<< , up , Title , Contents

4. Conclusions and future work

Although regression is an important problem in data analysis, it has not been dealt with extensively by the ML community. In this paper we presented a system capable of learning regression rules. The system integrates the task of developing a regression model from data, with the technique of searching for logical conditions that enable a better fitting error by the model. Although regression trees also follow a similar strategy, R2 uses a more powerful descriptive language.

Piecewise regression models like the ones built by R2 have advantages of achieving better prediction accuracy when compared to one-model approaches. These advantages come at the cost of more specific models. R2 implements a flexible compromise between model generality and correctness.

Our system compares reasonably to other ML regression algorithms and even outperforms them on some data sets. However, due to the size of the data sets many differences are not statistically significant.

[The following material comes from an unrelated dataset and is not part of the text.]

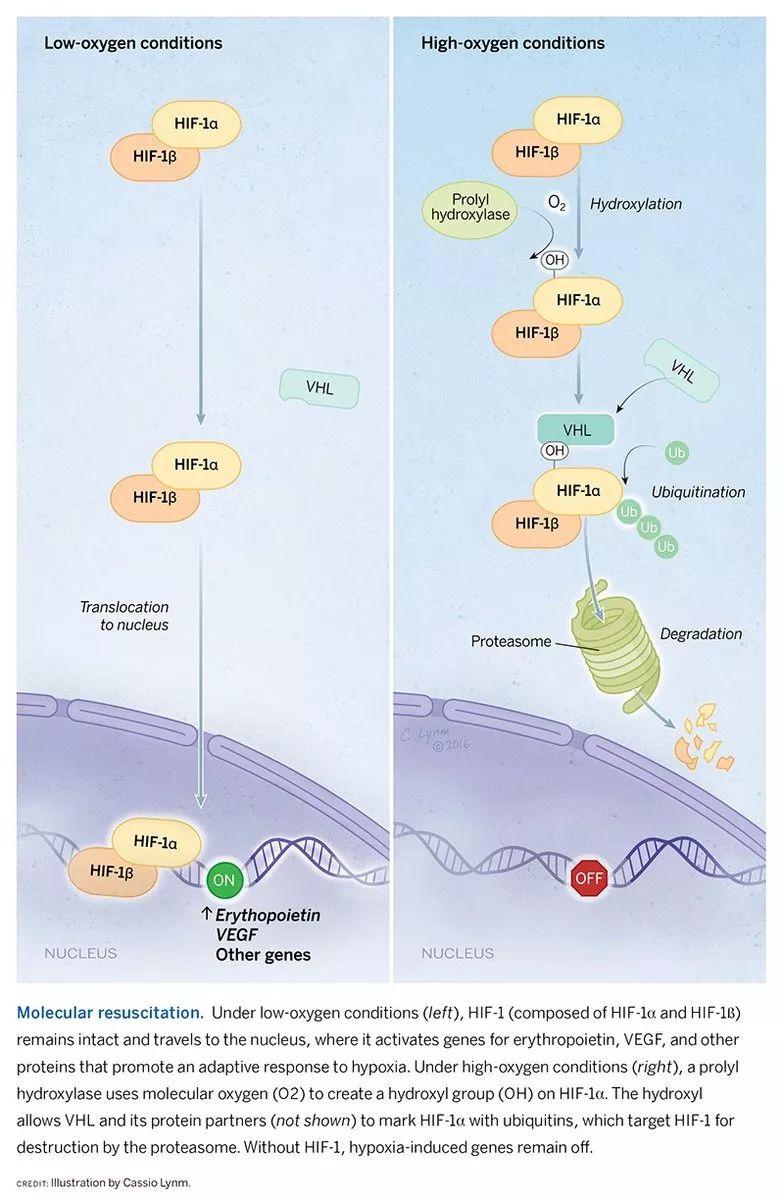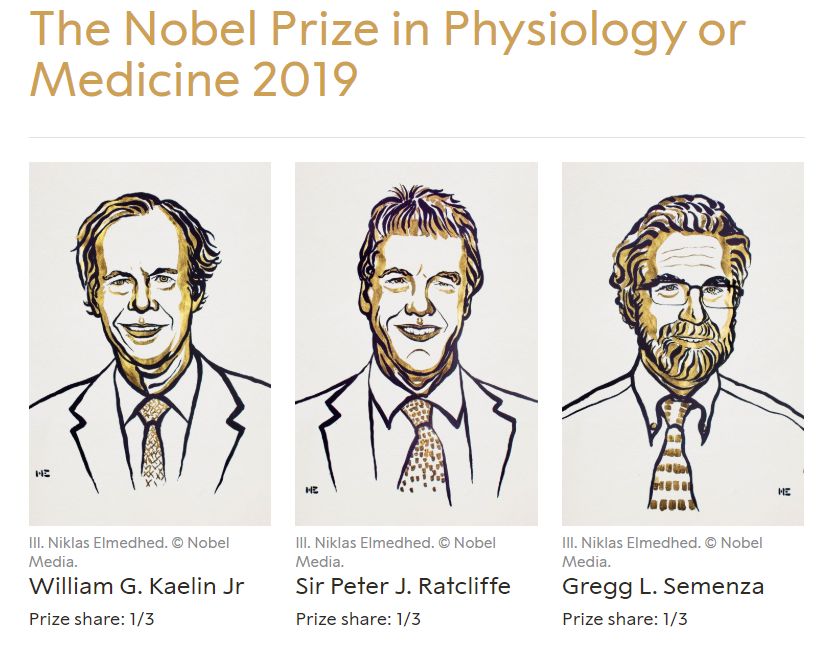 昨日,2019年诺贝尔生理学或医学奖揭晓获奖名单。William G. Kaelin教授、Peter J. Ratcliffe教授、以及Gregg L. Semenza教授因为对人类以及大多数动物的生存而言,至关重要的氧气感知通路的研究摘得殊荣。 ▲William G. Kaelin教授(左)、Peter J. Ratcliffe教授(中)、以及Gregg L. Semenza教授(右)(图片来源:参考资料[1]) 治疗贫血的创新疗法 ▲生物体感知氧气的通路示意图(图片来源:参考资料[2],Credit:Cassio Lynm) ▲部分HIF-PHI分子结构式(图片来源:Meodipt [Public domain]) 治疗癌症的创新疗法 结语 本文题图:Photo by Adam Baker, 'Nobel Prize Medal in Chemistry' CC BY 4.0 (https://www.flickr.com/photos/atbaker/8459286843), via Flickr 参考资料: [1] The Nobel Prize in Physiology or Medicine 2019, Retrieved October 7, 2019, from https://www.nobelprize.org/prizes/medicine/2019/summary/ [2] 2016 Albert Lasker Basic Medical Research Award: Oxygen sensing – an essential process for survival, Retrieved October 7, 2019, from http://www.laskerfoundation.org/awards/show/oxygen-sensing-essential-process-survival/ [3] Beck et al., (2018). Discovery of Molidustat (BAY 85-3934): A Small-Molecule Oral HIF-Prolyl Hydroxylase (HIF-PH) Inhibitor for the Treatment of Renal Anemia. ChemMedChem, DOI: 10.1002/cmdc.201700783 [4] Soni and Padwad, (2018). HIF-1 in cancer therapy: two decade long story of a transcription factor. Acta Oncologica, https://doi.org/10.1080/0284186X.2017.1301680 [5] Gossamer Bio. Retrieved October 7, 2019, from https://www.gossamerbio.com/pipeline/pipeline-overview/ [6] FibroGen, Inc. Corporate Presentation. Retrieved October 7, 2019, from https://fibrogen.gcs-web.com/static-files/c82c7b58-d8d5-4567-93b6-0e85ac6b2105 [7] Akebia Therapeutics. Retrieved October 7, 2019, from https://akebia.com/research-and-development/vadadustat.aspx [8] Yu et al., (2017). Development of Inhibitors Targeting Hypoxia-Inducible Factor 1 and 2 for Cancer Therapy. Yonsei Medical Journal, Doi: 10.3349/ymj.2017.58.3.489 [9] Xie et al., (2017). Activation of intestinal hypoxia-inducible factor 2α during obesity contributes to hepatic steatosis. Nature Medicine, https://doi.org/10.1038/nm.4412 [10] Merck to Acquire Peloton Therapeutics, Bolstering Oncology Pipeline. Retrieved October 7, 2019, from https://investors.merck.com/news/press-release-details/2019/Merck-to-Acquire-Peloton-Therapeutics-Bolstering-Oncology-Pipeline/default.aspx [11] GSK submits first regulatory application for daprodustat in Japan for patients with renal anaemia due to chronic kidney disease. Retrieved October 7, 2019, from https://www.gsk.com/en-gb/media/press-releases/gsk-submits-first-regulatory-application-for-daprodustat-in-japan-for-patients-with-renal-anaemia-due-to-chronic-kidney-disease/ [12] Wu et al., (2019). Evaluation of a locked nucleic acid form of antisense oligo targeting HIF-1α in advanced hepatocellular carcinoma. World J Clinical Oncology, doi: 10.5306/wjco.v10.i3.149 |

In future we plan to extend our comparisons and weigh both accuracy and comprehensibility. These comparisons should include systems from other non-symbolic fields. We believe that this will show the advantage of R2 over other sub-symbolic methods.

We also intend to explore techniques that enable our system to deal with large scale domains. We think that methods of sampling and iterative regression modeling will help to overcome these problems.

ACKNOWLEDGMENTS

I would like to thank Prof. Ross Quinlan for making available to us the system M5. I would also like to thank my supervisor Prof. Pavel Brazdil for the interesting discussions we had throughout the development of system R2 .

References

[1]. Aha,D. Kibler,D. (1991): Instance-Based Learning Algorithms. In Machine Learning, vol. 6 - 1. Kluwer Academic Publishers.

[2]. Breiman, L. , Friedman,J.H., Olshen,R.A. & Stone,C.J. (1984): Classification and Regression Trees, Wadsworth Int. Group, Belmont, California, USA.

[3]. Clark, P., Niblett, T. : Induction in noisy domains, in Proc. of the 2th European Working Session on Learning , Bratko,I. and Lavrac,N. (eds.), Sigma Press, Wilmslow, 1987.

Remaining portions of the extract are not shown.